Страх влияния. Карта перечитывания
Шрифт:
Ясно, что страх стиля существует с тех пор, как существуют литературные стандарты. Но мы видели, что дуализм пост-Просвещения изменяет понятие влияния и сопутствующую ему поэтическую мораль. Изменяется ли с возникновением страха влияния также и страх стиля? Была ли ноша индивидуации стиля, невыносимая для всех новых поэтов наших дней, столь же тяжелой до того, как развился страх влияния? Когда мы сегодня открываем первый сборник стихотворений, мы прислушиваемся, стремясь, по возможности, услышать неповторимый голос, и если голос еще не отличим от голосов предшественников и соратников, тогда мы, как правило, перестаем слушать, что бы ни пытался этот голос сказать. Д-р Сэмуэль Джонсон остро предчувствовал страх влияния, и все же он по старинке читал каждого нового поэта, проверяя его вопросом, открыт ли какой-то новый предмет. Не вынося Грея, Джонсон тем не менее чувствовал себя обязанным
««Сельское кладбище» изобилует образами, которые находят отражение в каждом сознании, и чувствами, которым каждая грудь откликается эхом. Четыре строфы, начиная со слов «И здесь спокойно спят…», на мой взгляд, оригинальны: мне никогда не приходилось видеть эти понятия в каком-либо другом месте; и все же тот, кто читает их здесь, убеждается, что он всегда так чувствовал. Если бы Грей писал подобным образом часто, его не за что было бы порицать и бесполезно хвалить».
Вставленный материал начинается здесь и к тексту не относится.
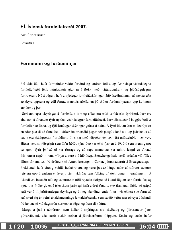 I'm currently learning Archeology and lots of the text is only available in .pdf or word files. I was wondering if it can support reading those files and if it can display Icelandic text (Some of the material is in English so this is not a "must" but really preferred). Also if somebody has the device and doesn't mind testing for me if the Hanvon N516 5" can read Icelandic text. Here the file: http://www.megaupload.com/?d=9JOX132U 275.47 KB First chapter in Icelandic Archeology (in .pdf). The first lines should say this. Fornmenn og furðuminjar Frá alda öðli hafa fornminjar vakið forvitni og undrun fólks, og fyrir daga vísindalegrar fornleifafræði féllu minjastaðir gjarnan í flokk með náttúruundrum og þjóðsögulegum fyrirbærum. Nú á dögum hafa alþýðlegar fornleifaskýringar látið fræðimönnum að mestu eftir að skýra uppruna og eðli fornra mannvistarleifa, en þó skýtur furðuminjatrúin upp kollinum enn hér og þar. Sérkennilegar .... Also I would like suggestions for other devices that could meet my needs (preferable not to expensive and worldwide shipping). |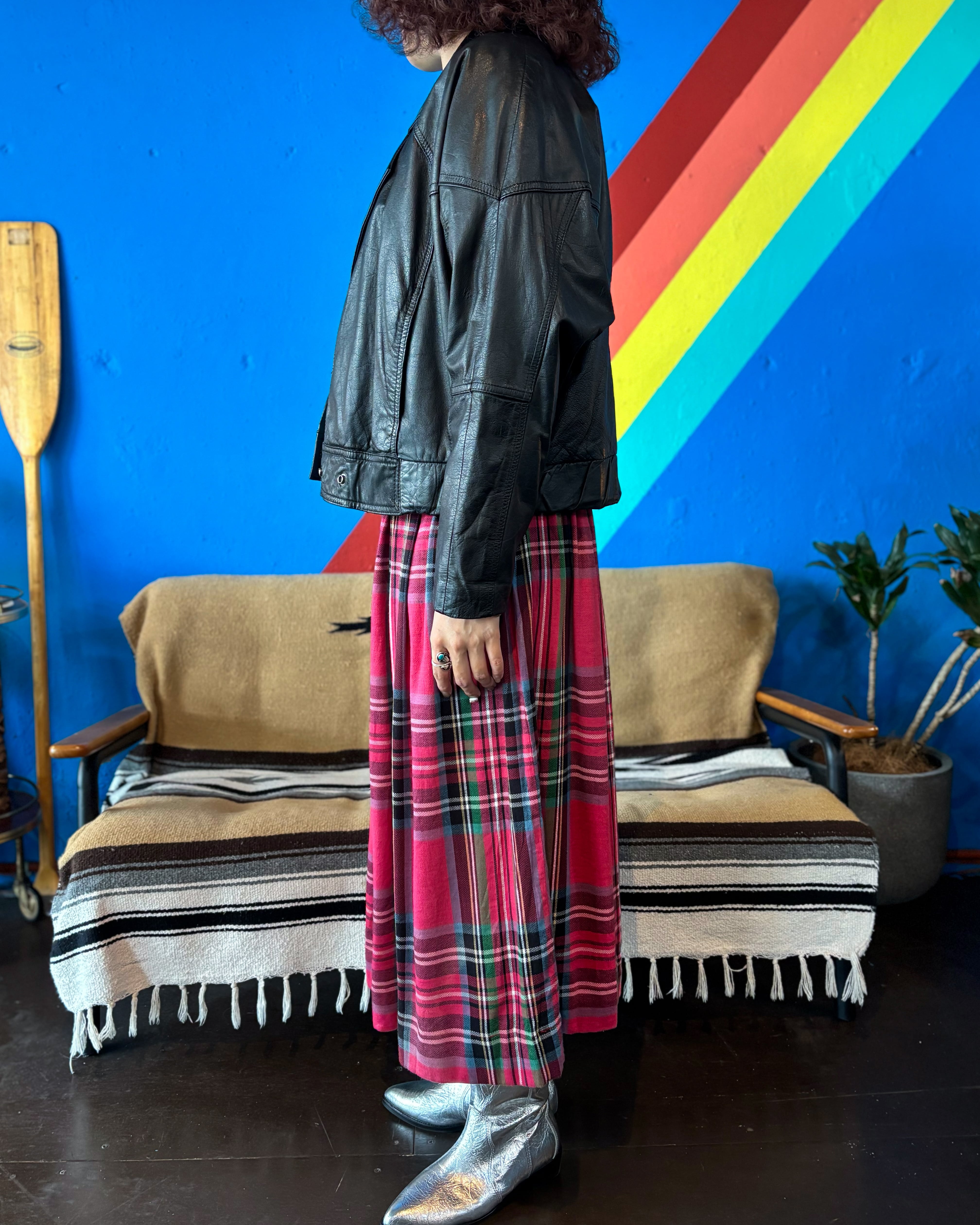80〜90年代のレザージャケットです。短丈で身幅が広く、ドルマンスリーブ気味の独特なシルエットが魅力の一着。レザーは柔らかく、ほどよくくったりした質感で古着らしい風合いを楽しめます。裾に向かってキュッと引き締まるデザインで、スタイルにメリハリが出るのもポイント。ゆったりした作りのため、ユニセックスでも着用可能なサイズ感です。

Оригинальные понятия, которые почувствовал каждый читатель или убедился, что всегда их чувствовал, не слишком ли это для нашего понимания, даже при том, что процитированный отрывок хорошо известен? Точен ли Джонсон, считая эти строфы оригинальными?
И здесь спокойно спят под сенью гробовою —
И скромный памятник в приюте сосн густых,
С непышной надписью и резьбою простою,
Прохожего зовет вздохнуть над прахом их
Любовь на камне сем их память сохранила,
Их лета, имена потщившись начертать;
Окрест библейскую мораль изобразила,
По коей мы должны учиться умирать.
И кто с сей жизнию без горя расставался?
Кто прах свой по себе забвенью предавал?
Кто в час последний свой сим миром не пленялся
И взора томного назад не обращал?
Ах! нежная душа, природу поющая,
Надеется друзьям оставить пламень свой;
И взоры тусклые, навеки угасая,
Еще стремятся к ним с последнею слезой.
Свифт, «Одиссея» Попа, Велиал Мильтона, Лукреций, Овидий и Петрарка — все они в данном. случае предшественники Грея, ибо, будучи необычайно образованным поэтом, Грей редко писал, не ссылаясь намеренно почти на каждого возможного литературного предшественника. Джонсон был необычайно образованным литературным критиком; почему же он хвалит эти строфы за оригинальность, которой они не обладают? Возможный ответ заключается в том, что здесь открыто высказаны глубочайшие страхи самого Джонсона, а найти современника, говорящего то, что ты чувствуешь, и притом глубже, чем говоришь ты сам, и притом то, что тебе не дано высказать, значит прийти к убеждению в оригинальности, большей, чем та, что существует в действительности. Строфы Грея — это плач о том минимальном и выдуманном бессмертии, которое отрицает в нас страх влияния. Когда бы грубая чувствительность Джонсона ни обнаружила свежий предмет в литературе, не трудно догадаться, что вытеснение Джонсона также подразумевается в таком обнаружении. Но поскольку Джонсон столь универсальный читатель, он иллюстрирует тенденцию, характерную для многих других читателей, и ее, вне всякого сомнения, следует искать в тех понятиях, от которых мы ускользаем в своей душе. Джонсон, не переносивший стиль Грея, понимал, что в поэзии Грея страх стиля и страх влияния неразличимы, и все же прощал Грея за один отрывок, в котором Грей возвел страх самосохранения до более общей страсти. Джонсон пишет о своем бедном друге Коллинзе, но имеет в виду Грея, когда говорит: «Он принимает устаревшее, которое возрождать не стоит, помещает свои слова в необычном порядке, вероятно, полагая, вместе с некоторыми позднейшими претендентами на славу, что не писать прозу — значит писать поэзию». Кажется, Джонсон настолько перепутал бремя оригинальности с проблемой стиля, что смог осудить стиль, назвав его злобным и обвинив в отсутствии какого бы то ни было нового предмета. Итак, несмотря на то, что он кажется нашей противоположностью, поскольку мы пренебрегаем содержанием и ищем у нового поэта индивидуальность тона, Джонсон во многом наш предшественник. По меньшей мере с 1740-х годов страх стиля и сравнительно недавно появившийся страх влияния начали сливаться, и этот процесс, по-видимому, достиг кульминации в наше время, в последние десятилетия.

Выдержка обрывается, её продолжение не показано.